On 23 August 2012 00:56, Karen Coyle <[log in to unmask]> wrote:

> On 8/22/12 2:56 PM, Richard Wallis wrote:
>
>> Hi Karen,
>>
>> I was not ignoring you previous question about where, in Marc terms, data
>> was coming from.  I need to talk with someone who was in the core of the
>> processing that produces the data.  Unfortunately I am currently being
>> thwarted by vacations.
>>
>
> Richard, I understand, and apologize if I appeared to be pushing too hard.

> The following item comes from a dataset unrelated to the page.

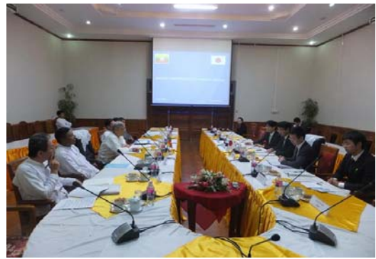
ハン・セイン運輸副大臣との会談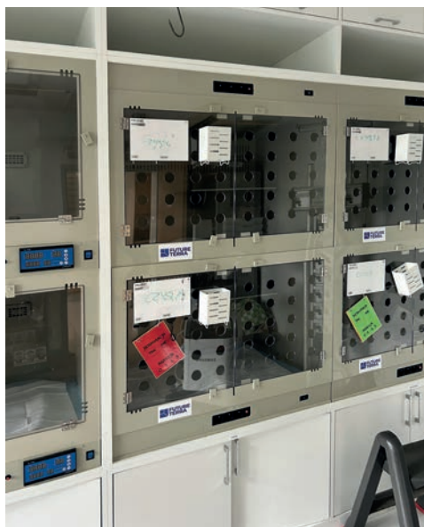
RYC. 2.1.3 Kocie kojce na oddziale intensywnej terapii o większej powierzchni umożliwiające dłuższą hospitalizację.

> In my own experience, requests for documentation are met with groans,
> especially by folks who'd rather be "doing something useful," like writing
> code. Unfortunately, it really helps to explain what you've done.
>
> I think I've solved the question of where the place of publication comes
> from: 260 $a. The differences between the Web version and the triples
> version is in punctuation. I'm still looking at examples, but it's a slog
> since I'm re-creating records in the triples file with my minimal knowledge
> of "grep" -- a hammer, but the best darned hammer there is. Here are some
> examples:
>
> #1
> File:
>
> <http://www.worldcat.org/oclc/**43836713<http://www.worldcat.org/oclc/43836713>>
> <http://purl.org/library/**placeOfPublication<http://purl.org/library/placeOfPublication>>
> _:**AX2dX40d4c600X3aX138a12b56f9X3**aXX2dX49b9
> _:**AX2dX40d4c600X3aX138a12b56f9X3**aXX2dX49b9 <http://schema.org/name>
> "New York"
>
>
> Web: (Using RDFa It Firefox plugin [1])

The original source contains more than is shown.